··· Data segment

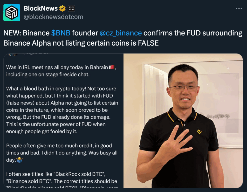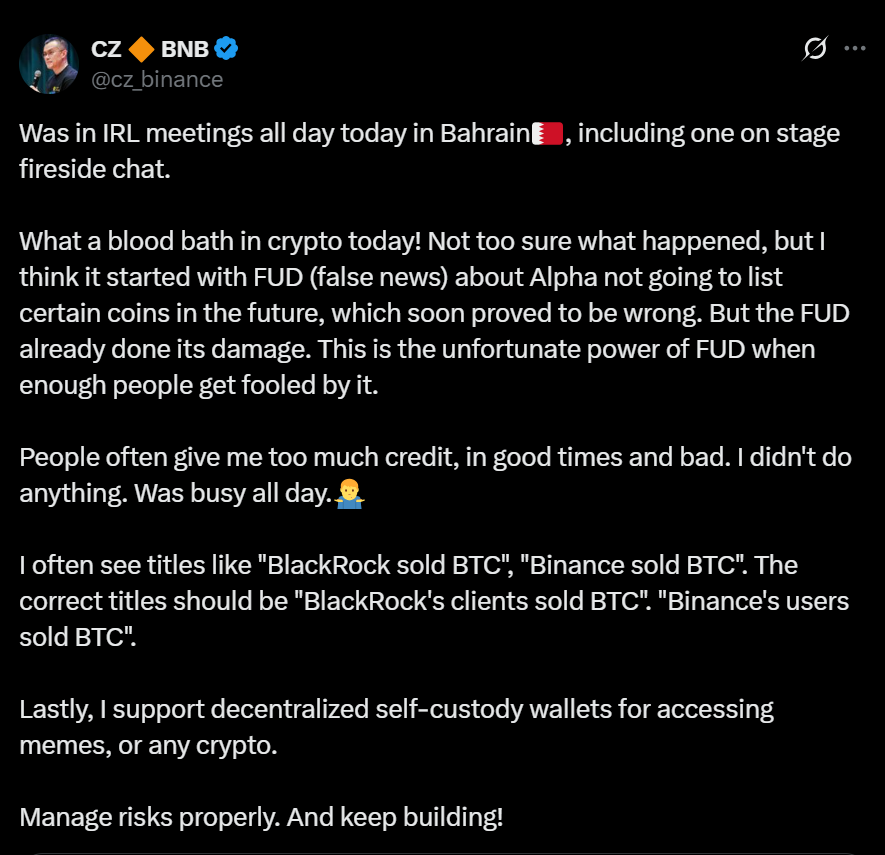 Binance founder Changpeng “CZ” Zhao, currently in Bahrain for meetings and a fireside chat, responded via X, saying he had no involvement in the day’s events. He attributed the selloff to false reports and highlighted the “unfortunate power of FUD” once enough traders believe it. CZ also criticized misleading headlines such as “Binance sold BTC,” arguing that it’s usually “Binance users” making trades—not the company itself.
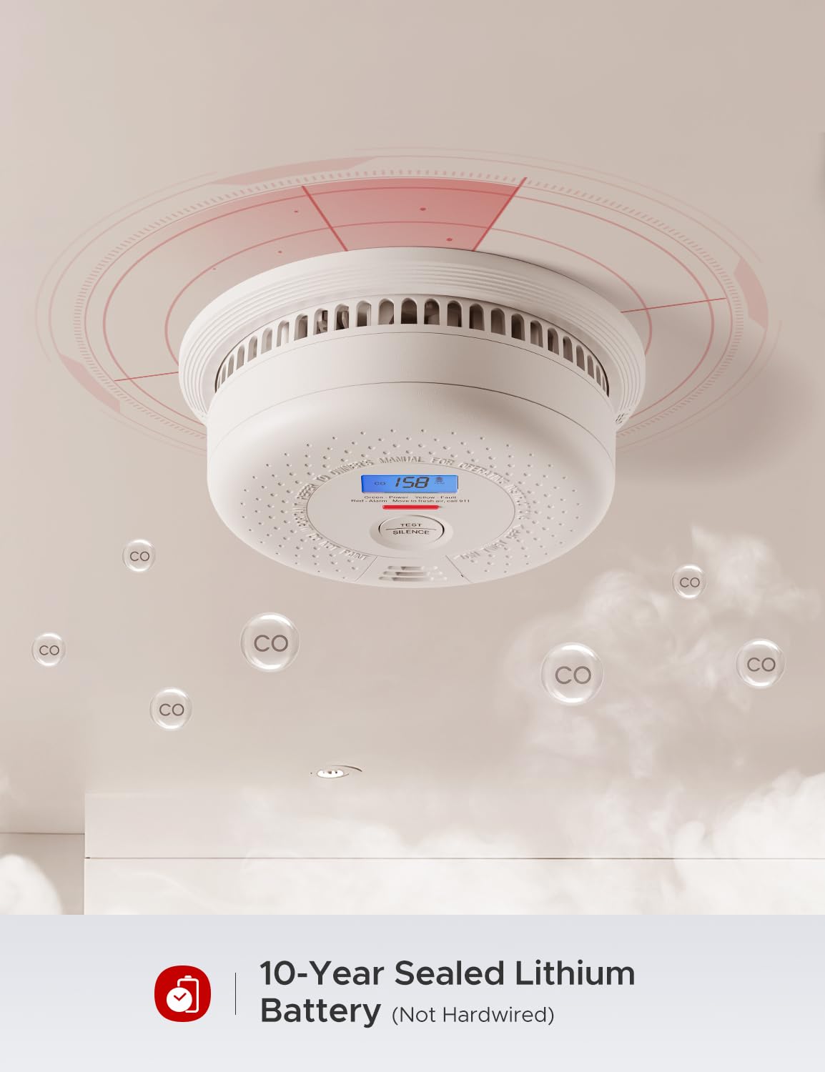X-Sense Smoke Detector Carbon Monoxide Detector Combo, 10-Year Battery Smoke Detector with Display, Standalone Model SC01, Single Pack
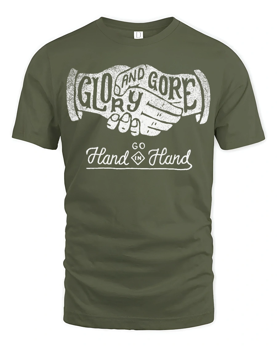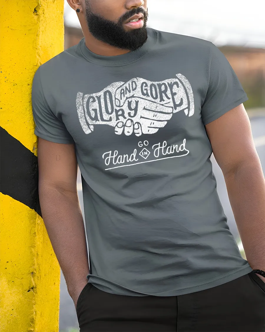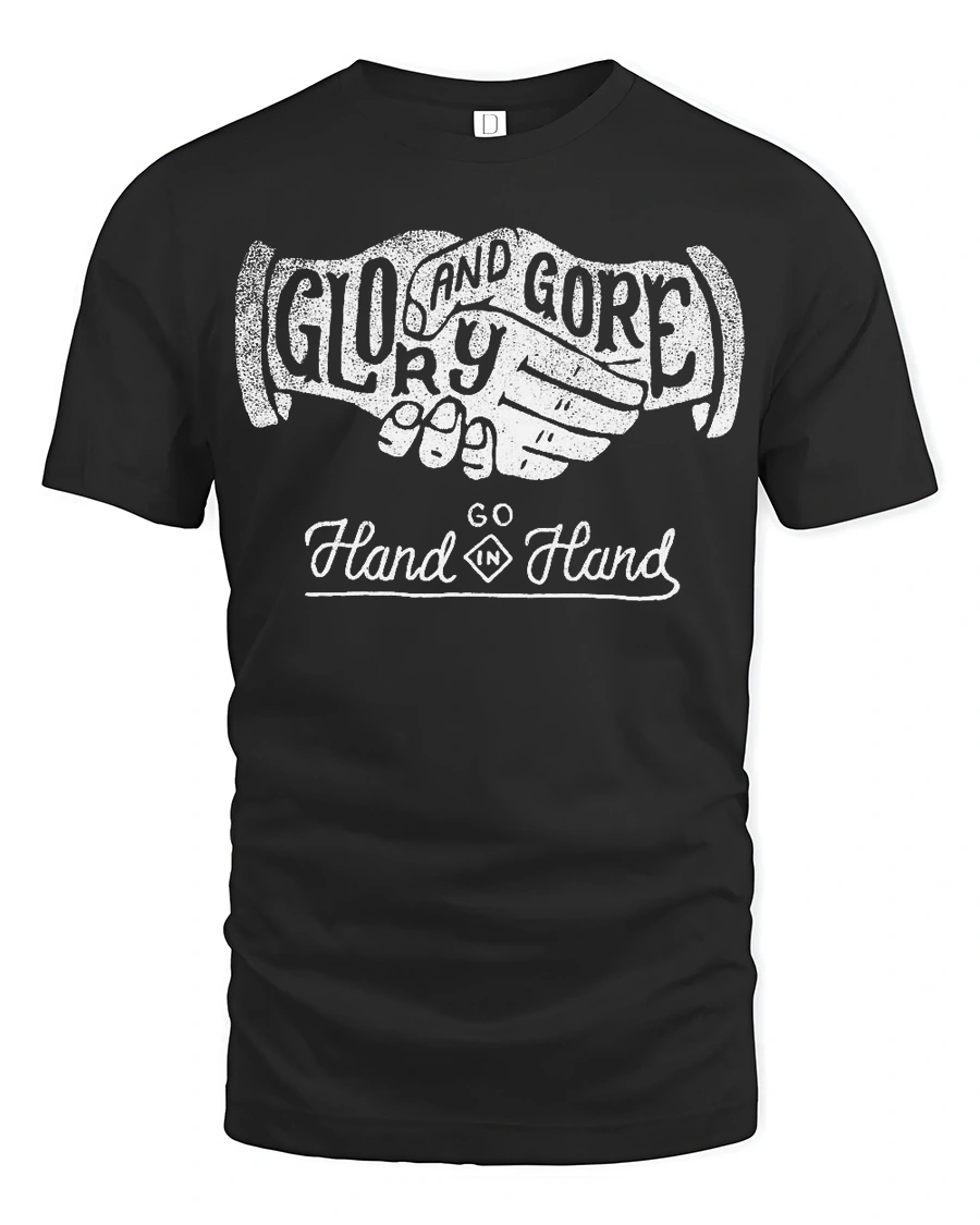 Glory And Gore Go Hand In Hand Vintage Handshake Graphic Tee Tshirt delivers a bold and thought provoking statement through classic design.

······

■ About this exercise ■
Set down the data exactly as it appears, without any images.

■ Final answer ■
 Binance founder Changpeng “CZ” Zhao, currently in Bahrain for meetings and a fireside chat, responded via X, saying he had no involvement in the day’s events. He attributed the selloff to false reports and highlighted the “unfortunate power of FUD” once enough traders believe it. CZ also criticized misleading headlines such as “Binance sold BTC,” arguing that it’s usually “Binance users” making trades—not the company itself.
X-Sense Smoke Detector Carbon Monoxide Detector Combo, 10-Year Battery Smoke Detector with Display, Standalone Model SC01, Single Pack
 Glory And Gore Go Hand In Hand Vintage Handshake Graphic Tee Tshirt delivers a bold and thought provoking statement through classic design.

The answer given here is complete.